6. Sempre nel 2012 – annus mirabilis – pubblicai a Roma da Fazi il romanzo Il servo di Byron, in cui immagino che – dopo la morte del padrone – il fedele servo coetaneo (e amante) William Fletcher racconti la vita del poeta senza reticenze. Nella ben documentata nota finale al libro ricordavo anche come l’accademia inglese, fino a tutta la prima metà del Novecento, avesse assolutamente rimosso il dato dell’omosessualità byroniana, e come – da parte di molti – ancora oggi sia difficile accettare quel dato di realtà. Ebbene, solo Nadia Fusini su Repubblica, attraverso un ardito paragone col Servo di Losey, accolse senza riserve la tesi del mio libro. Roberto Bertinetti sul Sole24Ore si domanda: “E’ credibile l’ipotesi di Buffoni? Non molto, a dispetto di una lunga nota bibliografica che chiude il volume”. Ricordo bene il tono con cui la responsabile dell’ufficio stampa di Fazi mi trasmise il pezzo di Bertinetti (da lei in precedenza tanto sollecitato all’anglista che sicuramente se ne sarebbe occupato: “E’ un amico”). E da quel giorno smise di promuovere il mio libro. Sergio Perosa invece si limitò a concedere che forse il poeta si era lasciato andare anche a qualche stravaganza “con qualche ragazzetto arabo”(?). Conclusione: guardiamoci dai critici eterosessuali che non vogliono capire i libri che confliggono con i loro radicati pregiudizi e confezionate opinioni. Leggete invece la recensione di Francesco Gnerre che, da omosessuale, coglie al volo il senso profondo del libro: “Sì, Byron ha avuto anche amori femminili, ha contratto anche un improbabile matrimonio durato solo pochi mesi, ma i suoi interessi reali, i suoi innamoramenti più coinvolgenti sono stati tutti maschili”. Qui, comunque, trovate tutte le recensioni al libro: http://www.francobuffoni.com/saggistica/servo_byron.html

7. Infine la rimozione più vergognosa e italica, più radicata e dura a morire: quella sull’omosessualità di Leopardi.
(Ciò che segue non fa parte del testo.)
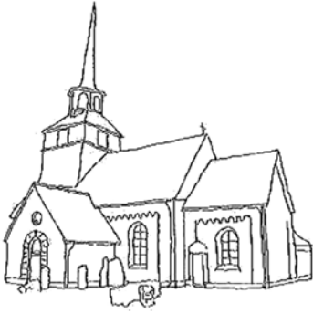
Järstad tegelkyrka, med ursprung i 1200-talet och belägen i Östergötland.

titta på en av dem – cistercienserorden – som dessutom gjorde stora avtryck i Sverige.
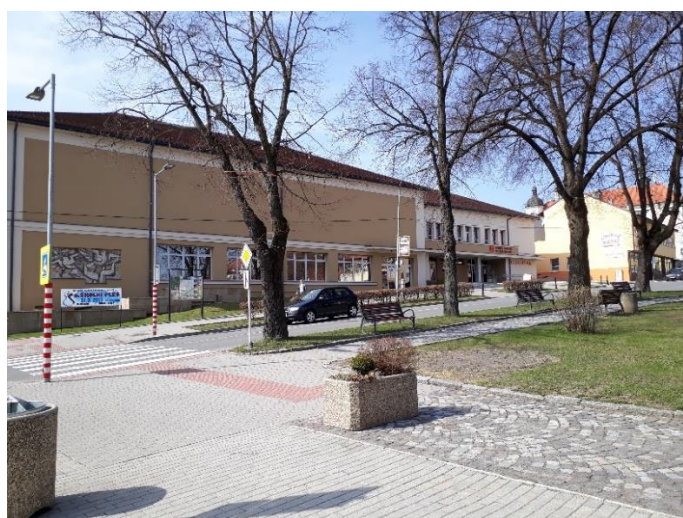
J-Z strana náměstí – Kulturní dům – 2017
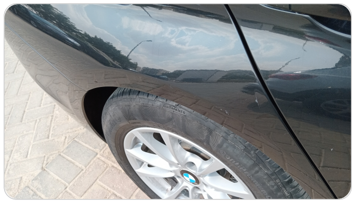
الرفرف الخلفي يمين : فبريكة (خرايش)
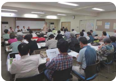
八潮の方が「迫ってくる恐怖を感じた」と体験を発言、報告会は46人参加
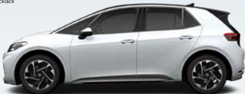
Glacier White | T Metallicklack
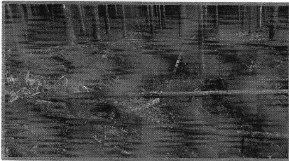
Изображение N 2
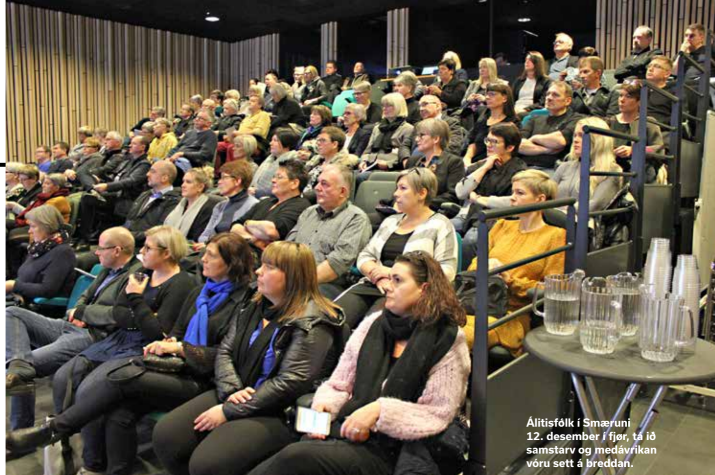
Álitisfólk í Smæruni 12. desember í fjør, tá ið samstarv og medávirkan vóru sett á breddan.

Fýra spurningar vórðu settir, sum tóku støði í orðingunum í § 2 í sáttmálunum um kunning og medávirkan á arbeidsplassunum, tá broytingar henda. Í onkrum einstøkum føri hava álitisfólkini ikki svarað øllum spurningunum. /
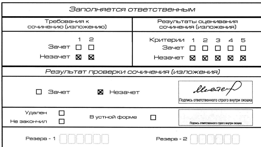
Рис. 7. Область для оценки работы
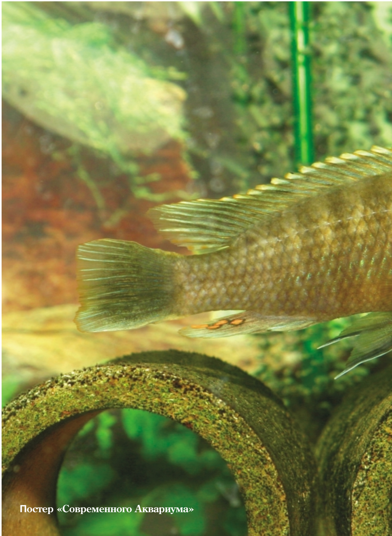
Постер «Современного Аквариума»
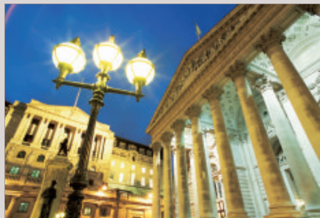
Le Royal Exchange, fondé en 1565, est situé à côté de la Banque d'Angleterre.

The striking architecture of Lloyd's of London, the world's leading insurance market.
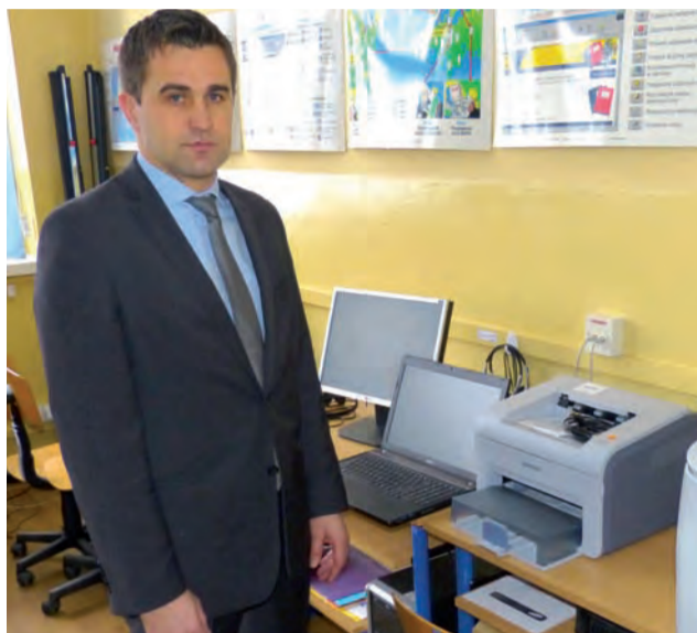
Na sprzęt dla szkoły w Mastkach gmina pozyskała 95 tys. złotych.

Udało się zrobić wszystko, co zaplanowaliśmy, chociaż oczekiwania wciąż rosną.
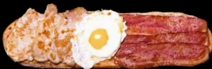
6. Porking & Egg - 12,90€ Beicon, huevo frito, lomo y pan con tomate. (3,5,7,13)

Per quante generazioni ancora gli studenti italiani dovranno sorbirsi tesi assurde? Forse che il figlio del conte Monaldo, pur se sgraziato e infelice nell’apparenza fisica, se fosse stato eterosessuale, non si sarebbe potuto felicemente accoppiare con un’appropriata e procace contadina? Timidissimo e in gran parte mistificatorio il recente film televisivo sulla vita di Leopardi (forse peggio persino di quello sulla vita di Caravaggio). Continuate così, cari italiani. Mistificate, mistificate anche le evidenze testuali: qualcosa resterà sempre.
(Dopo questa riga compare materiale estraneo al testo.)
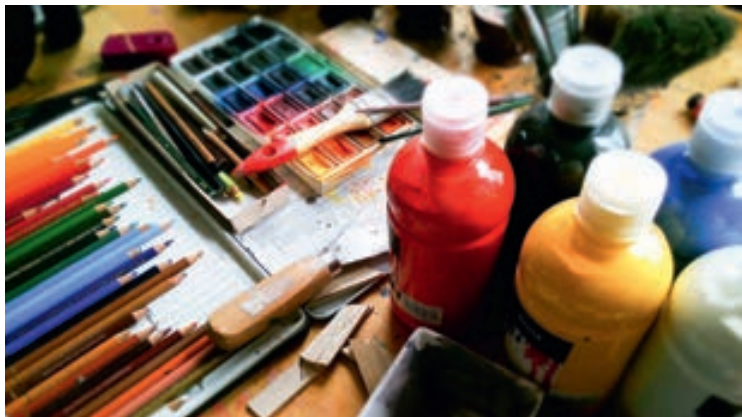
Az egyes alkalmakon más-más eszközök szolgálnának alapul a Csopak ikonikus helyszíneinek megjelenítéséhez

Minden település életére hatnak az ott élők és az újonnan oda-költözők, Csopakon sincs ez másként. Községünk kivételes légköre és meghittsége vonzza a családokat, némelyek néhány napnyi nyaralásra, mások életük helyszínévént választják.
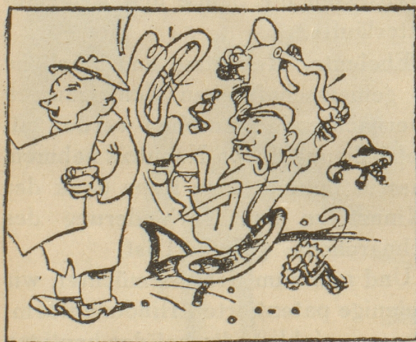
Russisches Fahrrad Eine Glosse auf die Qualität der russischen Erzeugnisse. Krokodil, Moskau
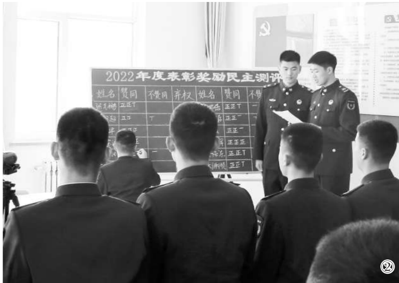
图②:12月初,宁夏军区某部依法组织“双争”活动。图为官兵正在民主测评。
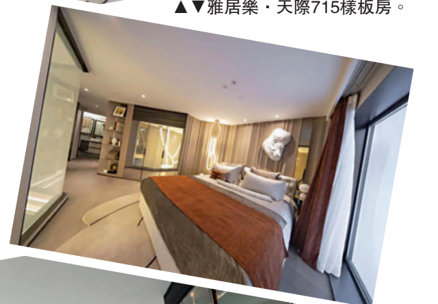
▲雅居樂·天際715樣板房實拍圖。
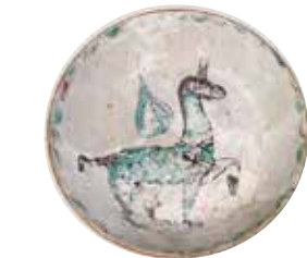
) Ataifor con representación zoomorfa en verde y manganeso
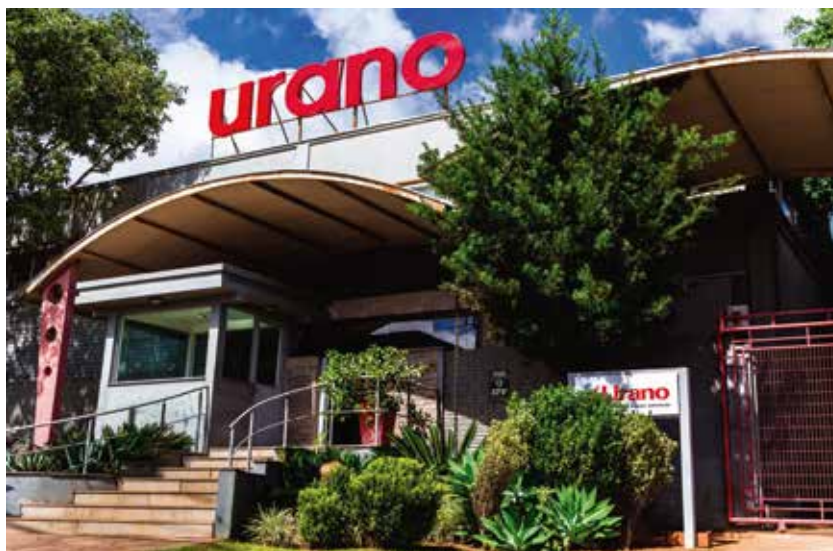
Fachada da MATRIZ em Canoas (RS)

Visite nosso site, www.urano.com.br , ou fale conosco pelo e-mail: vendas@urano.com.br . Impulsione seu negócio com as soluções completas da Urano!
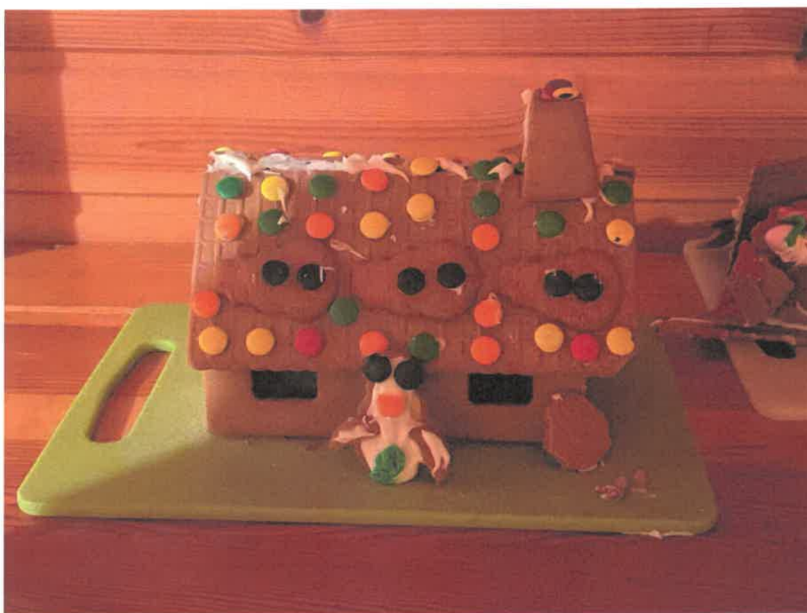
Stuguhäng i Stockstugan med lufsargruppen Skogens Honung
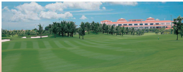
■ タン ソン ニャット ゴルフコース 36H / PAR144 2015年にオープンの新しいコース。市内から約30分、豪華なクラブハウス。
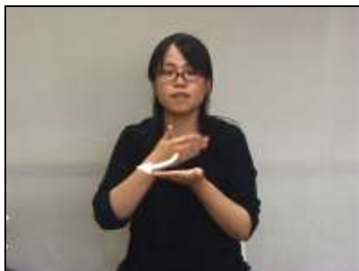
1.手の甲で手のひらの上を払う様子 子を表現する。

In conclusione mi piace citare un’operazione intellettuale di segno felicemente opposto, messa in scena nel 2016 al Nuovo teatro Sanità di Napoli da Claudio Finelli e Antonio Mocciola per la regia di Mario Gelardi: Leopardi amava Ranieri. Non una biografia, ma la storia di un sentimento inespresso, rappresentato con sapienza filologica e imperniato sull’ultimo scampolo di vita di Contino Giacomo. Come scrivono gli autori nel programma di sala: “Due uomini e una storia. Una storia che non ha fatto epoca, perché l’epoca era quella sbagliata. Il poeta marchigiano malaticcio e il bellimbusto partenopeo rampante: l’unione fece la forza di entrambi, finché il cuore di Giacomo Leopardi non resse. Antonio Ranieri non ebbe parole gentili, post mortem. E le sue lettere indirizzate all’artista furono lacerate. Ma le parole di Giacomo pesano come macigni, e la sua bella grafia parla ancora d’Amore. Per chi ai tempi non volle sapere, non volle vedere, non volle comprendere. E per chi ancora adesso assegna a Giacomo Leopardi solo caste fantasie frustrate o, peggio ancora, sesso raccattato con avarissime mance. Non fu solo quello. Che ci piaccia o no, Leopardi amava Ranieri”.